After laughter comes a laugh track

Gotta love Spotify, again and again… A couple of weeks ago, my fiancée — always her — put on a Spotify playlist that had been recommended to her. Since she’s got a) good taste, b) of the indie variety, these playlists tend to be highly listenable. This one didn’t disappoint: the second or third track in it was a genius cover of a sample-filled hip hop track by none other than the Wu-Tang Clan. Even the samples had been covered.

The band is El Michels Affair, a near-one man band headed by New York-based (of course) Leon Michels and a bunch of highly talented musicians he gathers for the occasions. I say plural because it’s nowhere near his first time: the man has actually been going at it for years, including specifically working on Wu-Tang covers for a decade. It apparently all started when Michels and Raekwon performed together in 2007, which sparked two entire albums of Michels-produced covers of the hip hop outfit’s cult debut — Enter the Wu-Tang (36 chambers). Logically, that first cover album was called Enter the 37th Chamber. Perhaps equally logically, the second one was Return to the 37th Chamber, and it came out in 2017, a full 2 years before I got to discover it. The point is I did, though.

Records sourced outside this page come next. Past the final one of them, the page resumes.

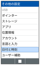 | 日付と時刻 | 日付や時刻に関する機能を設定できます。 | |
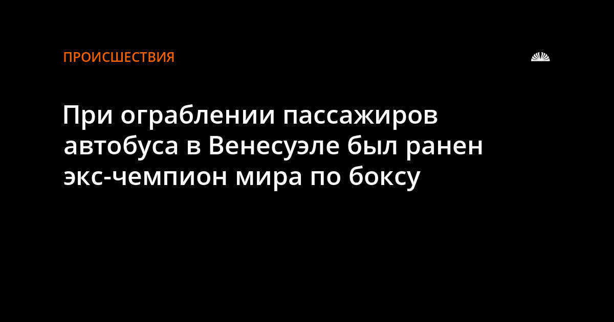 Бывший чемпион мира по боксу венесуэлец Хосе Санабрия получил пулевое ранение в грудь. 51-летний Санабрия был ранен во время ограбления автобуса, когда один из преступников принял его за полицейского. Бывший боксер был в красной рубашке, похожей на те, что иногда носят полицейские в Венесуэле, сообщает местное издание El Carabobeño.
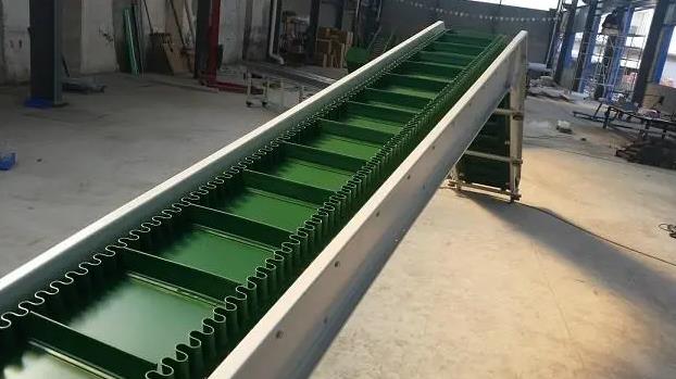 1、帶裙邊的輸送皮帶:裙邊皮帶輸送機的輸送帶的結(jié)構(gòu)形式為中間低的平面皮帶輔以兩邊高的類似裙邊的橡膠帶組合而成,這種設(shè)計,能夠較好的防止物料灑落;其平面皮帶上,通常在一定的間距會有一定高度的橡膠擋板,這種結(jié)構(gòu)能夠很好的將物料輸送到較高位置。
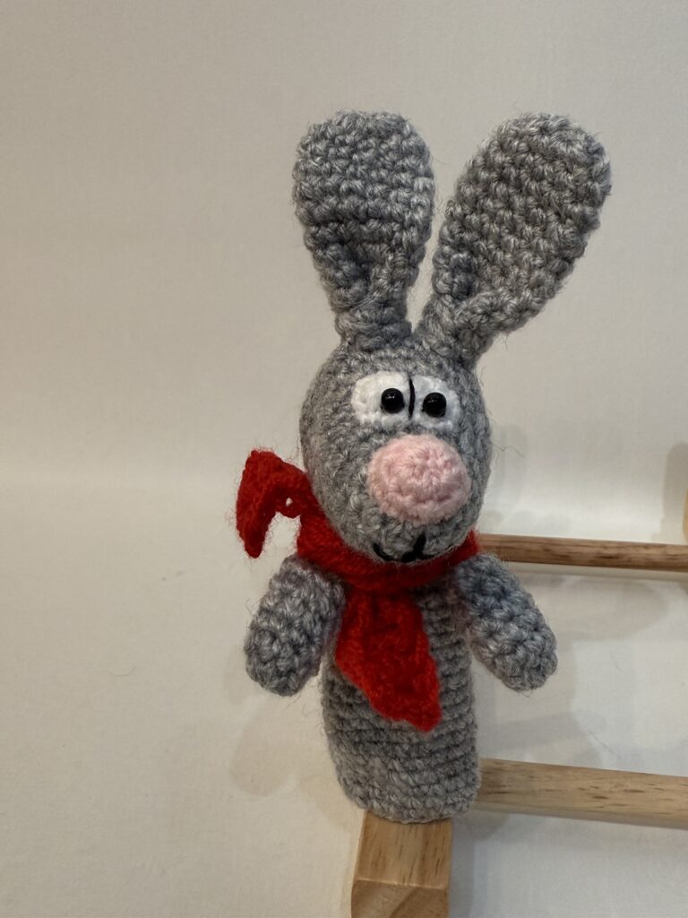 LIENEさんの編みぐるみ【赤いマフラーを巻いたウサギのパペット】
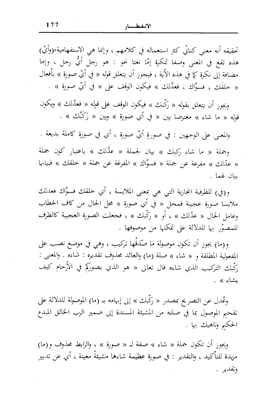تَحْقِيقُهُ أَنَّهُ مَعْنًى كِنَائِيٌّ كَثُرَ اسْتِعْمَالُهُ فِي كَلَامِهِمْ، وَإِنَّمَا هِيَ الِاسْتِفْهَامِيَّةُ، وأَيِّ هَذِهِ تَقَعُ فِي الْمَعْنَى وَصْفًا لِنَكِرَةٍ إِمَّا نَعْتًا نَحْوَ: هُوَ رَجُلٌ أَيُّ رَجُلٍ، وَإِمَّا مُضَافَةً إِلَى نَكِرَةٍ كَمَا فِي هَذِهِ الْآيَةِ، فَيَجُوزُ أَنْ يَتَعَلَّقَ قَوْلُهُ: فِي أَيِّ صُورَةٍ بِأَفْعَالِ خَلَقَكَ، فَسَوَّاكَ، فَعَدَّلَكَ» فَيَكُونُ الْوَقْفُ عَلَى فِي أَيِّ صُورَةٍ وَيَجُوزُ أَنْ يَتَعَلَّقَ بِقَوْلِهِ رَكَّبَكَ فَيَكُونُ الْوَقْفُ عَلَى قَوْلِهِ فَعَدَلَكَ وَيَكُونُ قَوْلُهُ مَا شاءَ مُعْتَرِضًا بَيْنَ فِي أَيِّ صُورَةٍ وَبَيْنَ رَكَّبَكَ وَالْمَعْنَى عَلَى الْوَجْهَيْنِ: فِي صُورَةٍ أَيِّ صُورَةٍ، أَيْ فِي صُورَةٍ كَامِلَةٍ بَدِيعَةٍ.
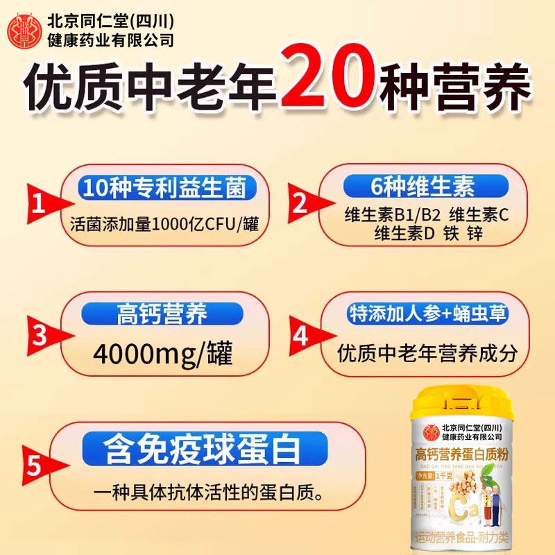 同仁堂蛋白粉增强老年人女性营养蛋白质粉免疫球蛋白官方旗舰店力
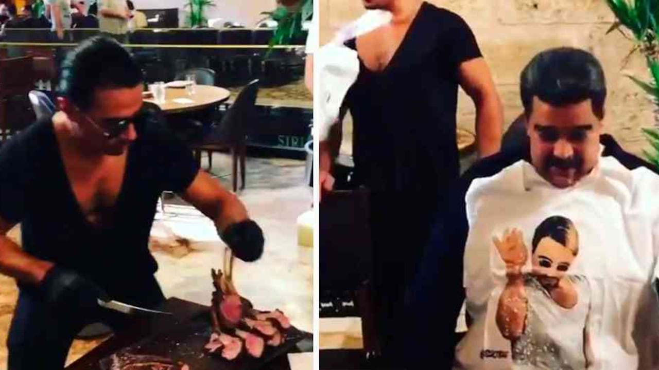El chef Nusret Gökçe, apodado como Salt Bae, los atendió personalmente y les hizo un show especial, incluso les regaló una camisa. Nus-ret es una cadena de restaurantes turcos. Las imágenes han causado indignación al comparar la mesa del mandatario con la escasez de comida que sufren los venezolanos. Esto se da en un contexto bastante complejo, que ha llevado a cientos de venezolanos a huir diariamente de su país por la falta de comida.
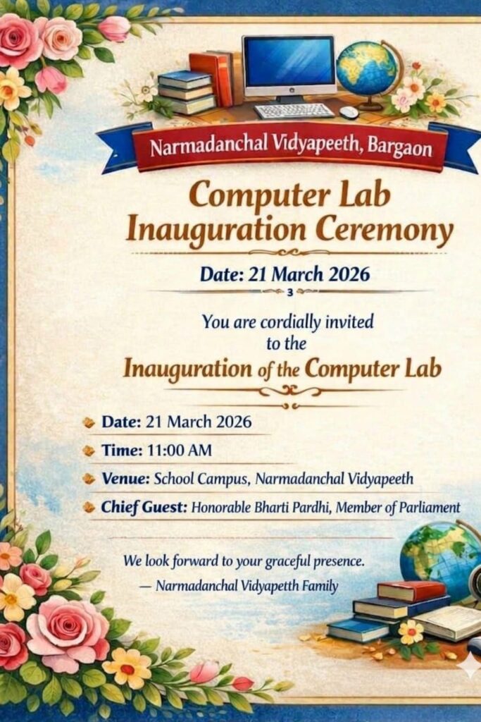 शहपुरा। प्रचार्य ने जानकारी देते हुये बतया की सीबीएससी बोर्ड नर्मदांचल विद्यापीठ बरगांव में शनिवार दिन सुबह 11 बजे होगा नवनिर्मित कंप्यूटर लैब का उद्घाटन सांसद भारती पारधी के द्वारा किया जावेगा जिसमे सभी लोग आमंत्रित है
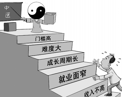 由此,中医院校毕业生就业面之狭窄,可想而知。"一些中医专业学生改换门庭转学西医,甚至彻底转行,也就不难理解了。"李萍说。
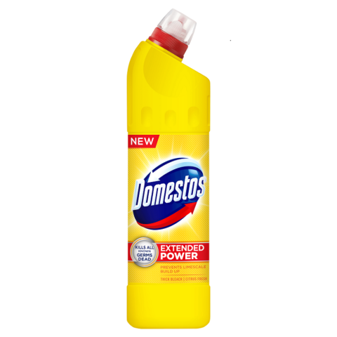 Domestos, 750 ml-es kiszerelésű klóros fertőtlenítő hatású tisztítószer. Széleskörű felhasználhatóság háztartási és intézményi célra egyaránt. Ragyogó fehérség a szanitereken, padlóburkolatokon, a konyhában és a WC-ben. Baktériumölő hatásával elpusztítja a kórokozókat. Tisztít és fertőtlenít egyszerre. Irritatív, környezetre veszélyes.

The track that most caught my attention, even though it may not be the obvious one, is “Tearz”. The Wu-Tang “original”, based on the equally cult — we’re in all-around great music territory here — Wendy Rene-sung "After Laughter (Comes Tears)", is a massive hip hop track — and so is Rene’s incredibly soulful tune. Michels’ rendition is interestingly subdued: with the help of Soul great Lee Fields and The Shacks’ Shannon Wise, he managed to (re)create a mix of the 1964 song and the 1993 Wu-Tang beat, and then some stuff he added just for fun.

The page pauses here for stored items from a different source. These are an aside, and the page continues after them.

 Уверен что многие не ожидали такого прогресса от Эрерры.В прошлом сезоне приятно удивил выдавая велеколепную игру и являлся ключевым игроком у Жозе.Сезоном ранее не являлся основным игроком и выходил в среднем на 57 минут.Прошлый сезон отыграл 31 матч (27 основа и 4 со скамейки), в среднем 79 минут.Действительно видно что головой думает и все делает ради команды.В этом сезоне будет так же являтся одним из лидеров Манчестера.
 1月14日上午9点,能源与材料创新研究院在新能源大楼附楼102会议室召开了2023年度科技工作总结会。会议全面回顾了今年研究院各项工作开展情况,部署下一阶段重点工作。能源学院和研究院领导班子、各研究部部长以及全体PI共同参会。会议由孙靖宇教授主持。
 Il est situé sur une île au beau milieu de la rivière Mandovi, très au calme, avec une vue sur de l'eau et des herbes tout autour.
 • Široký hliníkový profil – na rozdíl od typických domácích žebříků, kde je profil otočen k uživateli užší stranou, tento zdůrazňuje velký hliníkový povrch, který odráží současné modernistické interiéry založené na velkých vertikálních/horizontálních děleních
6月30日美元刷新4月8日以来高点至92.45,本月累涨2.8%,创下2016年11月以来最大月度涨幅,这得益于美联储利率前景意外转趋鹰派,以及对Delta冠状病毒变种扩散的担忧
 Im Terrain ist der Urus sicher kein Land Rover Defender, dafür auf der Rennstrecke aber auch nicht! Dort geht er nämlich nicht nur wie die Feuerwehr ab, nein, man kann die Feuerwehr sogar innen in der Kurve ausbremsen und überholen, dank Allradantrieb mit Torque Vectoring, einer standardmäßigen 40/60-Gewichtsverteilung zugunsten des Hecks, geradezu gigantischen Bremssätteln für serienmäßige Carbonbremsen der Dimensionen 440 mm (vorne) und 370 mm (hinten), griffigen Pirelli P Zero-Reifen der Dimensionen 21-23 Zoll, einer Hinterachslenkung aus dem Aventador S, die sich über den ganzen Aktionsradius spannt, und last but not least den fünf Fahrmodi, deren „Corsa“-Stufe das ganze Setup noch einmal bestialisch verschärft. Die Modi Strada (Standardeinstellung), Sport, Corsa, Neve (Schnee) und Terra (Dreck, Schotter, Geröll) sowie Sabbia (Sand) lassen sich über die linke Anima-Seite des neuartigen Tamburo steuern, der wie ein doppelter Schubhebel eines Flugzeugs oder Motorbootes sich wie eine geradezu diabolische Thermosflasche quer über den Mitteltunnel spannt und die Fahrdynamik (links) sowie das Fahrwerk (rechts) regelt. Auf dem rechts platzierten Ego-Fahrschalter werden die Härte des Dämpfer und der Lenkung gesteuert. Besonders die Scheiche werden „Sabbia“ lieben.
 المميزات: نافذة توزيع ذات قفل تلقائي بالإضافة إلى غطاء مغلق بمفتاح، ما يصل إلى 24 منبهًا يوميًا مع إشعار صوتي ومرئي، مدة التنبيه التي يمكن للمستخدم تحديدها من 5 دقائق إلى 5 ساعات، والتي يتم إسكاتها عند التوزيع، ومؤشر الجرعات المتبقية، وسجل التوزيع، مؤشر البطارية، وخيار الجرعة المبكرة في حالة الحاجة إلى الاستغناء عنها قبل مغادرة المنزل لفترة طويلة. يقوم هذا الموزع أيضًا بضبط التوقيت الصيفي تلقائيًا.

The result is a beautiful mash up of old and new, soft and strong, eerie and sharp sounds. Wise’s soft vocals take turns with the heavier Wu-Tang-inspired beat recreation, then back to a Wurlitzer-styled keyboard track that’s stuck somewhere between the 60’s and retro-produced 2010’s — let’s say 1979 — complete with Lee Fields’ smooth stylings, to finish off with resolutely 70’s sounding effects — also conceived circa 2017.

In short, listening to this will likely have you spend the next two hours of your life going back in (musical) time in either direction in search for the original gems that sparked this project. Time well spent, I’d say.